ASSIGNED TASK: An exact copy of the listing below is needed, with no pictures in it.

INFORMATION PROVIDED:
********
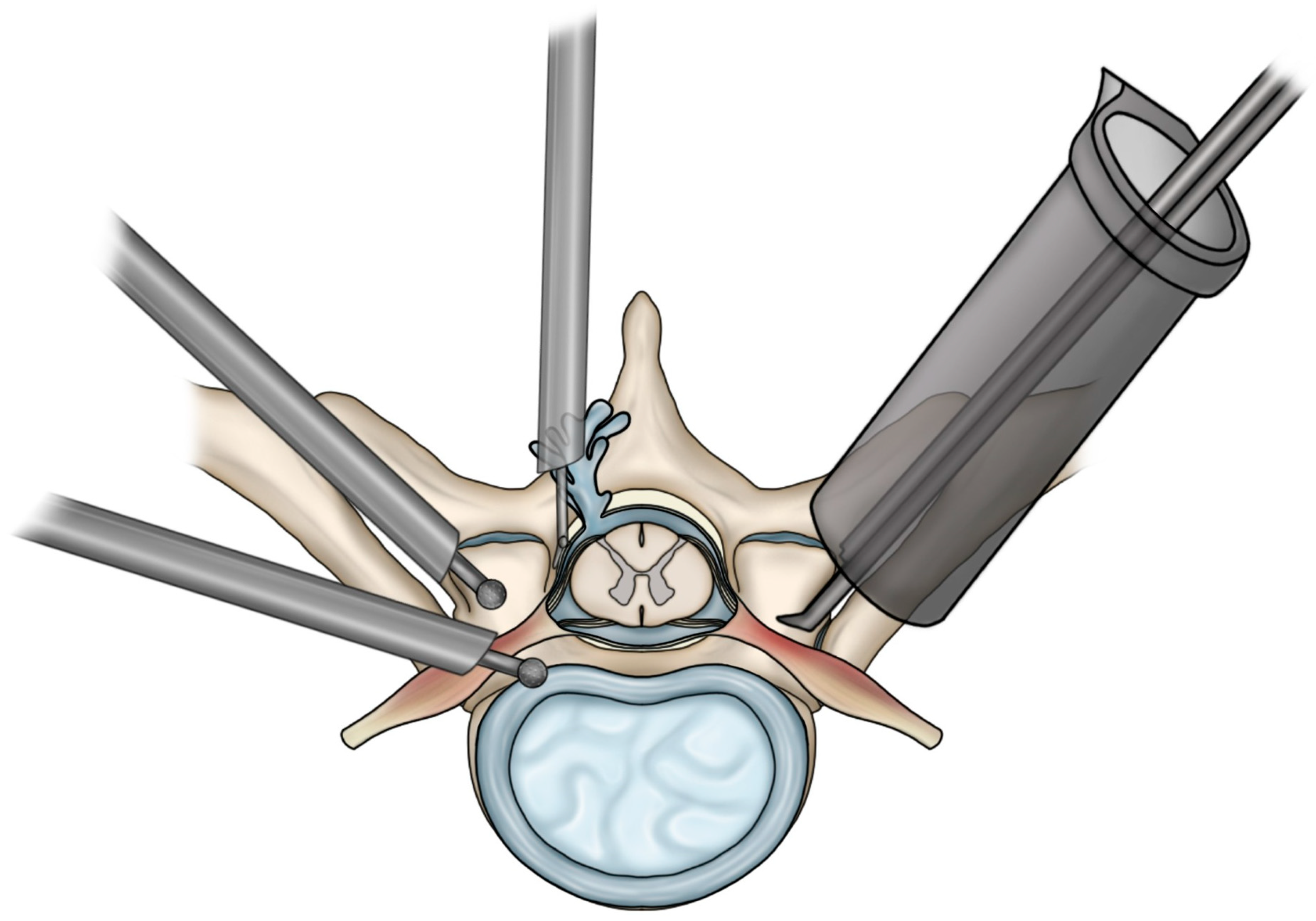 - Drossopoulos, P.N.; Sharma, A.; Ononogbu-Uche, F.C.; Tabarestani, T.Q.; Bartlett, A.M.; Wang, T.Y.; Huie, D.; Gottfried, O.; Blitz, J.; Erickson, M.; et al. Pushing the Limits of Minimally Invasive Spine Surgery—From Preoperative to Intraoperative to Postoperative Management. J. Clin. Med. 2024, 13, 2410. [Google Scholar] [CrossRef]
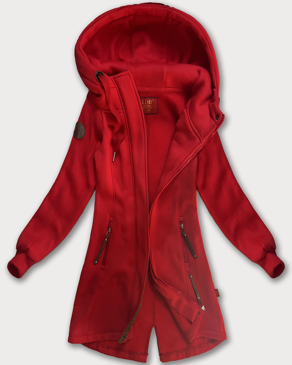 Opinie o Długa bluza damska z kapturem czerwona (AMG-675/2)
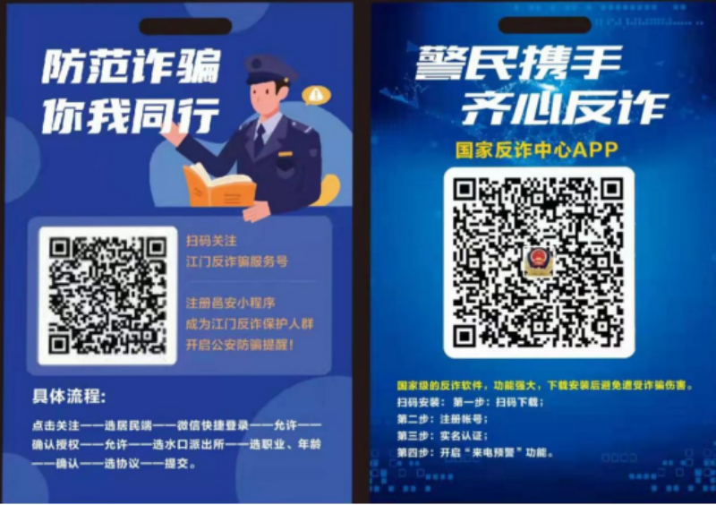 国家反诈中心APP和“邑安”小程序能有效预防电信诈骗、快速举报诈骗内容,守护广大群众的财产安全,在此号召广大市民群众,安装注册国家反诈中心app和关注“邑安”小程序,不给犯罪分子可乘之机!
********
ANSWER TO THIS EXERCISE:
 - Drossopoulos, P.N.; Sharma, A.; Ononogbu-Uche, F.C.; Tabarestani, T.Q.; Bartlett, A.M.; Wang, T.Y.; Huie, D.; Gottfried, O.; Blitz, J.; Erickson, M.; et al. Pushing the Limits of Minimally Invasive Spine Surgery—From Preoperative to Intraoperative to Postoperative Management. J. Clin. Med. 2024, 13, 2410. [Google Scholar] [CrossRef]
 Opinie o Długa bluza damska z kapturem czerwona (AMG-675/2)
 国家反诈中心APP和“邑安”小程序能有效预防电信诈骗、快速举报诈骗内容,守护广大群众的财产安全,在此号召广大市民群众,安装注册国家反诈中心app和关注“邑安”小程序,不给犯罪分子可乘之机!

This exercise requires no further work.